### Work instruction:
Your output should be the lines from the one with "Новая добровольная пожарная" through the last line of the records below, exactly as written, minus the pictures.

### Source records:
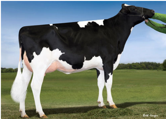
FARNEAR-TBR-BH GEORGIA THIRD DAM
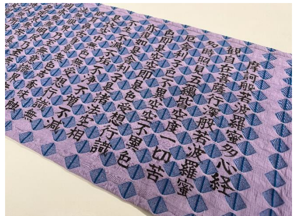
▲ログウッドで染め上げる前と染め上げた後
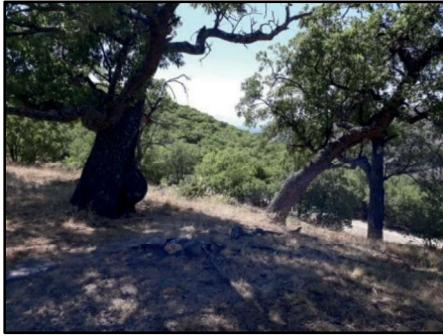
Resim 4, 5, 6: Ziyaret niteliği de olan mezarlıklardan biri. Mezar unsurları arasında yer alan kabartmalar, tüm bölgeye özgü geleneğin bu mezarlıkta da yaşatıldığı görülmektedir. Bu ziyaret alanı Pelitli köyü ile Derebük mezarası arasında bulunmaktadır.

Sansa Boğazı, Sansa ve Bağlar Köyleri: Sansa Boğazı, Erzincan il merkezinden 40/45 km doğuda, kuzey ve kuzeybatı yönünde gidilen yolların kavşağındadır. Kuzeyindeki Keşiş Dağlarının eteklerinde konuşlanmıştır. Güvenlik için yapılan kale ve bazı gözetleme kuleleri aracılığıyla yöreyi kontrol altında tutan mevki özelliğiyle de önemlidir. Bu niteliğini daha İlk Çağ'da kazandığı, bugüne kadar varlığı gelen Sansa Kalesi'nden apaçık görülmektedir. Denilebilir ki, Erzincan'ı doğu, kuzeydoğu ve güneybatıdaki bölgelere bağlayan en önemli geçitlerden biridir.
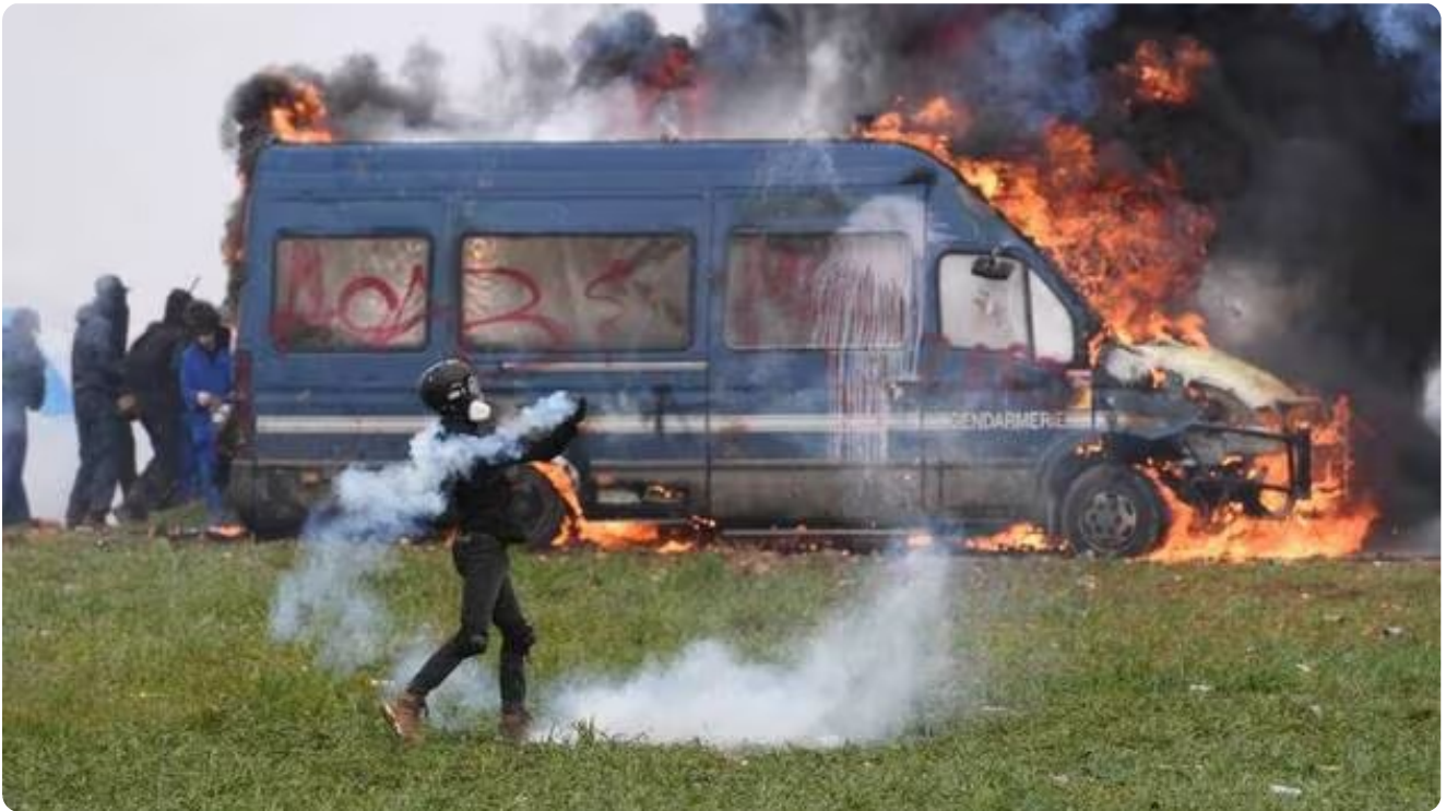
Des affrontements violents ont eu lieu ce samedi à Sainte-Soline dans les Deux-Sèvres.

Aujourd'hui, samedi 25 mars 2023, avait lieu une manifestation contre les réserves de substitution d'eau en construction dans le département des Deux-Sèvres. Ce samedi a été placé sous le signe de l'ultra-violence avec de nombreux blessés chez les gendarmes et les manifestants. Des enquêtes sont en cours pour en déterminer les circonstances. Revivez les temps forts de cette journée avec notre direct.
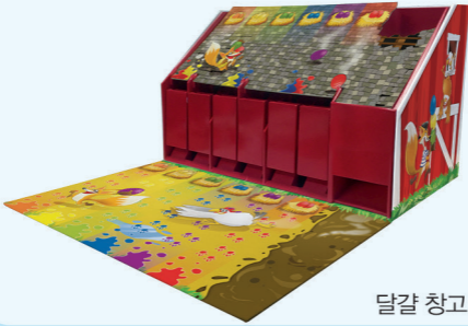
달걀 창고 1개
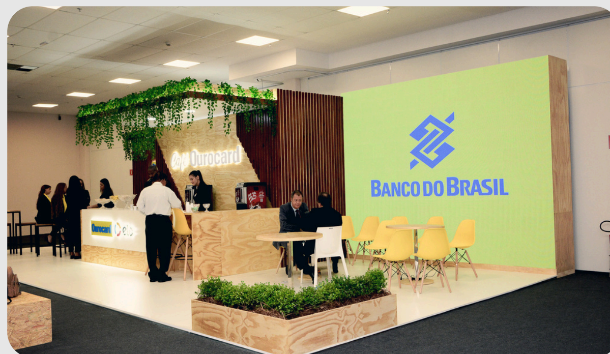
Ativação Banco do Brasil e Ourocard
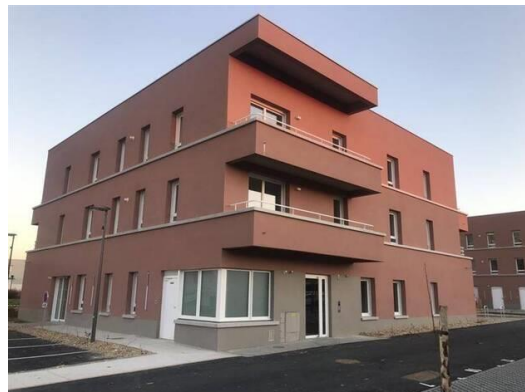
Le nouvel accueil de jour « Le temps de vivre » de l'association Le temps du regard se situe au rez-de-chaussée du bâtiment A de la résidence Tempo, à Acigné.

Le nouvel accueil de jour se situe au rez-de-chaussée d'un bâtiment de deux étages construit par l'entreprise Aiguillon construction, d'avril 2021 à janvier 2023, dans le cadre du projet de résidence Tempo (voir plus bas). Il sera loué à l'association Le temps du regard, au-dessous de 6 logements locatifs sociaux.
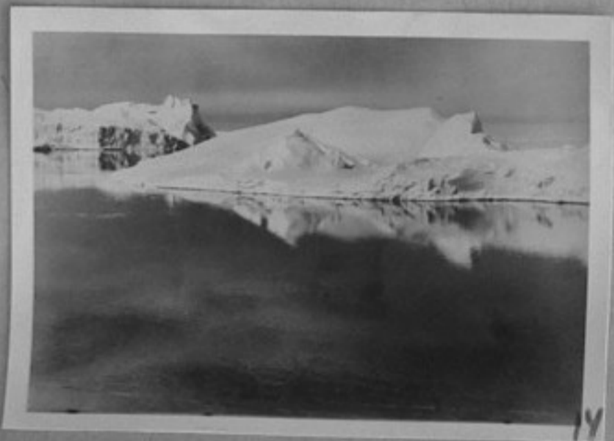
72-2578-14-Антарктически пейзаж.
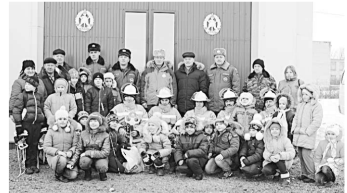
Ещё одной добровольной пожарной командой в Воронежской области стало больше.

Новая добровольная пожарная команда (ДПК) появилась в Комсомольском сельском поселении Рамонского района, сообщило ГУ МЧС России по Воронежской области 23 января. Добровольцы будут помогать тушить пожары в трёх населённых пунктах и в случае необходимости выезжать на ДТП на близлежащем участке федеральной трассы М-4 «Дон».
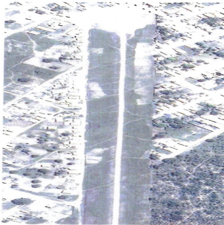
Figura Nº1 Vista do aeródromo de Coribe
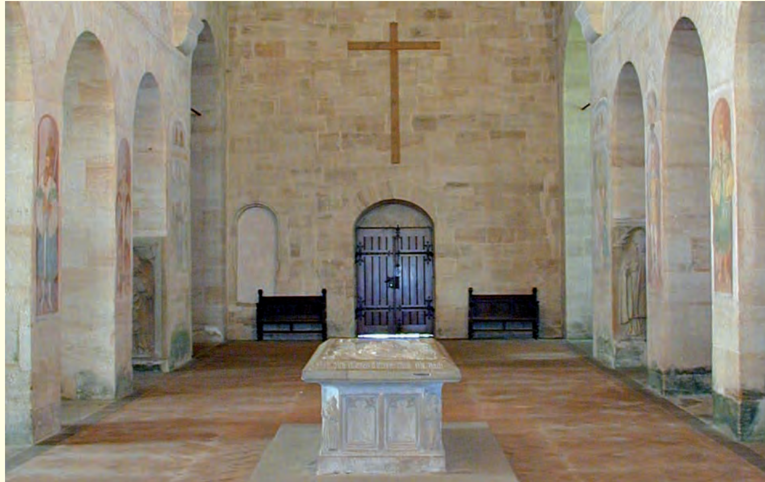
Blick in das Kirchenschiff nach Westen

Zur 900-Jahr-Feier der Klostergründung 2002 entstand im Kapitelsaal ein großes Staufer-Rundbild des Lorcher Malers Hans Kloss. Bunt, lebendig und mit Humor gewürzt wird darin die Geschichte des legendären Fürstengeschlechts erzählt.
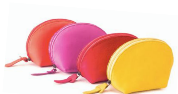
LEA 607 ■ 608 ■ 609 ■ 610 ■ Trousse de maquillage / Make up pouch Taille: 20 x 14 x 6,5 / Size: 8 x 5,5 x 2,5"
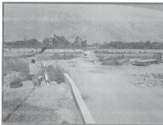
Trocha actual por donde pasan los vehículos, en riesgo en tiempos de lluvia.
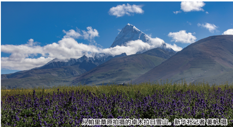
从帕里草原拍摄的卓木拉日雪山。
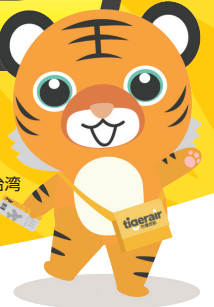
タイガーエア台湾 キャラクター 「フーちゃん」
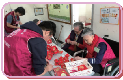
院友與義工一起 製作賀年掛飾
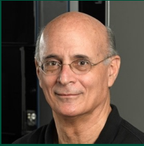
פרופ' גידי רכבי
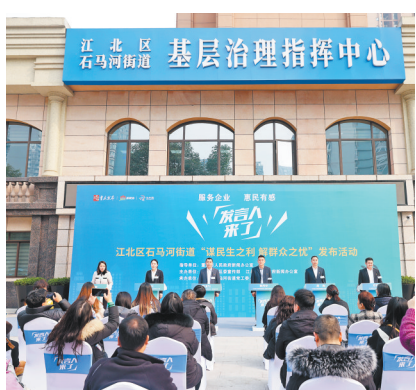
▲1月11日,石马河街道“谋民生之利解群众之忧”发布活动举行。

文聚苑社区石油怡秀小区部分房屋建于上世纪70年代,因年久失修,许多阳台存在重大安全隐患,个别阳台甚至出现垮塌差点伤人的情况,让社区不放心,居民很揪心。可当小区打算实施改造“手术”时,居民们却吵翻了天。

### Exercise solution:
Новая добровольная пожарная команда (ДПК) появилась в Комсомольском сельском поселении Рамонского района, сообщило ГУ МЧС России по Воронежской области 23 января. Добровольцы будут помогать тушить пожары в трёх населённых пунктах и в случае необходимости выезжать на ДТП на близлежащем участке федеральной трассы М-4 «Дон».
Figura Nº1 Vista do aeródromo de Coribe
Blick in das Kirchenschiff nach Westen

Zur 900-Jahr-Feier der Klostergründung 2002 entstand im Kapitelsaal ein großes Staufer-Rundbild des Lorcher Malers Hans Kloss. Bunt, lebendig und mit Humor gewürzt wird darin die Geschichte des legendären Fürstengeschlechts erzählt.
LEA 607 ■ 608 ■ 609 ■ 610 ■ Trousse de maquillage / Make up pouch Taille: 20 x 14 x 6,5 / Size: 8 x 5,5 x 2,5"
Trocha actual por donde pasan los vehículos, en riesgo en tiempos de lluvia.
从帕里草原拍摄的卓木拉日雪山。
タイガーエア台湾 キャラクター 「フーちゃん」
院友與義工一起 製作賀年掛飾
פרופ' גידי רכבי
▲1月11日,石马河街道“谋民生之利解群众之忧”发布活动举行。

文聚苑社区石油怡秀小区部分房屋建于上世纪70年代,因年久失修,许多阳台存在重大安全隐患,个别阳台甚至出现垮塌差点伤人的情况,让社区不放心,居民很揪心。可当小区打算实施改造“手术”时,居民们却吵翻了天。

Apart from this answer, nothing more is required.